_Data extracts_.
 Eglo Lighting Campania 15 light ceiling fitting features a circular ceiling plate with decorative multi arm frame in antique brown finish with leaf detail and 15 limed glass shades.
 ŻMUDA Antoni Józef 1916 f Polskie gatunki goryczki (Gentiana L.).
...
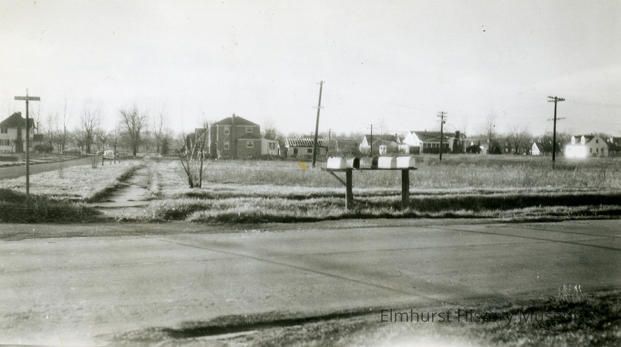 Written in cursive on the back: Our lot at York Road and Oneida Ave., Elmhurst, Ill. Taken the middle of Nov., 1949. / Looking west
* * *
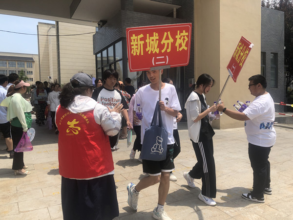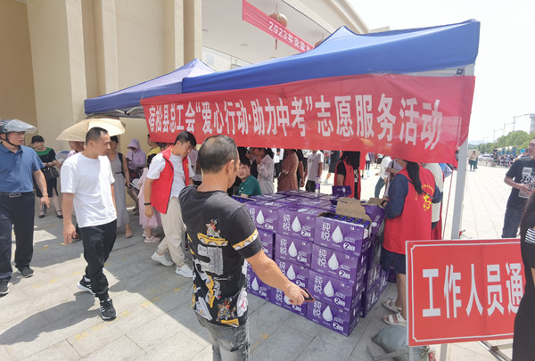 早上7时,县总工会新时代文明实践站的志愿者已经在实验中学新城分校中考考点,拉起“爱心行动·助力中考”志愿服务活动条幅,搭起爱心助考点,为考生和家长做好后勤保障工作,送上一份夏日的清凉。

_Task to complete_.
Every line from the line containing "Eglo Lighting Campania" through the line containing "ŻMUDA Antoni Józef" in the records above must be retyped exactly. Leave out the rest.

_Answer to this task_.
 Eglo Lighting Campania 15 light ceiling fitting features a circular ceiling plate with decorative multi arm frame in antique brown finish with leaf detail and 15 limed glass shades.
 ŻMUDA Antoni Józef 1916 f Polskie gatunki goryczki (Gentiana L.).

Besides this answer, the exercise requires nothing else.